DETECTION OF MUCIN POLYPEPTIDES IS THE KEY TO THE CHARACTERIZATION AND QUANTIFICATION OF MUCINS

Mucins are very large, very heavily O-glycosylated proteins, and as such are difficult to study by conventional biochemical techniques. Their size is usually far above 1,000,000 Da, they often show profound heterogeneity in both size, due to their O-glycosylation, and in their negative charge due to variable degrees of sialylation and sulfation. The combination of size, heavy O-glycosylation and negative charge makes them relatively easy to detect, and in practice they can only be mistaken for proteoglycans (from which they can be easily distinguished by the very different carbohydrate composition). However, due to their similar biochemical characteristics, different mucins are very difficult to distinguish from one another. This becomes more and more important since at least 9 human mucin genes have been identifled, most of which are expressed in the gastrointestinal (GI) tract.

Carbohydrate structures are usually not specific for any mucin, and are not suited to distinguish mucins.
Measuring mRNA levels of specific mucins might be a good method to quantify mucin gene expression, but in our view this method has two major drawbacks :
1. Since the efficiency of translation is not known, clear-cut relations between mRNA levels and actual mucin synthesis are not unequivocal;
2. Identifying mRNA expression does not help us in distinguishing the various mucin molecules in a preparation.

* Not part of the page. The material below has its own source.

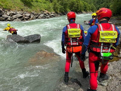 Im Wurfsack ist eine Leine,ein Ende davon bleibt beim Werfenden,der den Sack in den Fluss zu einem zu Rettenden wirft,der so herausgezogen wird. Bei der „Sprungrettung“ springt ein angeseilter Helfer in den Fluss,schwimmt eine längere Strecke und rettet den in Not Geratenen. Geübt wurde auch im Inn-Zufluss Sanna. „Die Sanna ist mit rund 15 Metern nicht so breit wie der Inn,so Tobias Neugebauer,Leiter der DRK-Wasserwacht. Dafür aber wilder und mit einer noch stärkeren Strömung. Die Wasserretter bauten eine Seilbahn über den Fluss,an dem die Retter das Gewässer überquerten,um sich mit der Strömung zum Unglücksfall im Wasser ziehen zu lassen.

Although we use mRNA detection as a means to independently verify our results on mucin biosynthesis, these data have only circumstantial value. Thus, the polypeptide chain holds the key to identification and quantification of mucins, and antibodies against the polypeptides.

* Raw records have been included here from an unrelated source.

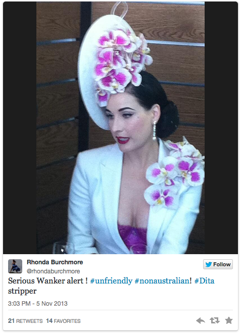 The Melbourne Cup is an important day in the diary of any fashion-lover, famous or otherwise. Australians have come to expect the outrageous, with the best outfits often combining bright colours, crazy silhouettes and haute hats. Some prepare months in advance, meticulously planning an outfit to catch the eye of cameramen, fashions on the field judges or other racegoers. Others clearly have little regard for the high-caliber dress code, or quite simply have no clue. Here, The New Daily shares our picks for those who stole the show for the right, and wrong, reasons.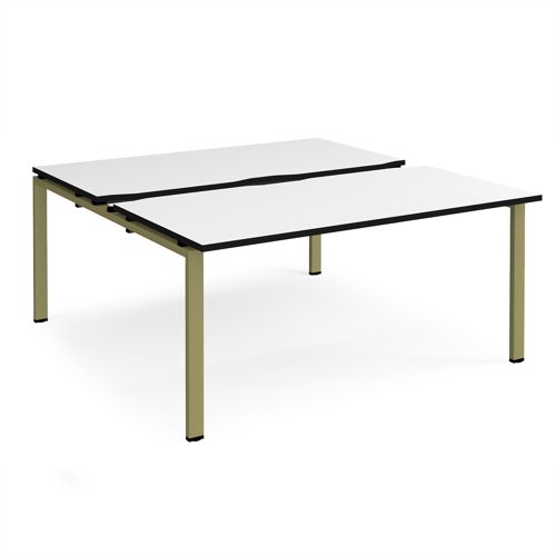 Adapt sliding top back to back desks 1600mm x 1600mm - green frame, white top, black edge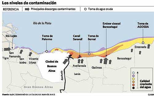 Pero la contaminación no se detiene. El Riachuelo, a pesar del plan para sanearlo, continúa volcando productos tóxicos en el Plata. De igual forma, el emisario cloacal de Berazategui sigue provocando una mancha de 1,5 kilómetro de largo a 2.500 metros de la costa, testimonio de los desechos fecales de 5 millones de habitantes (ver Obras...).

There is one crucial feature of mucins enabling us to develop these methods : all mucins contain regions, usually at the N- and C-terminus of the polypeptide, that are un- or low-glycosylated. Thus, antibodies raised against isolated mucin preparations, recognizing these polypeptide regions, are able to identify any form of a given mucin, independent of its state of glycosylation. It is important to realize that inhibition of protease activity is crucial both in preparing these antigenic mucins as well as in analysis of mucins and their precursors using these raised antisera.

Methods for analyzing mucins are based on :

1. the availability of antibodies against the mucin polypeptide to immunochemically recognize specific mucins;
2. metabolic labeling experiments, in which the mucin polypeptide is labeled with radioactive amino acids;
3. analysis of mucins on low percentage SDS-PAGE;
4. the ability to perform these studies on gastrointestinal biopsies of only a few mm3 .

In our terminology, the mucin precursor is the first identifiable form of a mucin, that is the primary translation product present in the rough endoplasmic reticulum (RER) of mucin-producing cells. Since these precursors contain only some N-glycans, but are not yet O-glycosylated, they behave like "normal" proteins. This has two important implications :

1. Each mucin gene is responsible for the production of one mucin precursor that can be distinguished in mixtures from other mucin precursors by its unique molecular mass on SDS-PAGE;
2. Since the precursors of each mucin can be identified separately, the polypeptide synthesis can be quantified by assessing the incorporation of radioactive amino acids in metabolic labeling experiments with gastrointestinal biopsies.

Usually the mucin precursor oligomerizes in the RER and is transported to the Golgi complex where it is heavily O-glycosylated and sulfated to yield the final biosynthetic form : the mature mucin. Most of the mucin is stored in the cells and a part is constitutively secreted. The stored mucin is secreted in a regulated fashion in response to secretagogues to add extra protection for epithelia in situations of stress. Using antibodies against the un- or low-glycosylated regions of the polypeptide, the mature mucin can be equally well recognized (as well as quantified) as the mucin precursor. Thus, the total amounts of intra- and extracellular mucin can be measured using Western blot experiments. Moreover, the dynamics of biosynthetic conversion of the precursor to the mature mucin and the dynamics of storage and secretion of the mature mucin can be assessed by metabolic labeling experiments with biopsies.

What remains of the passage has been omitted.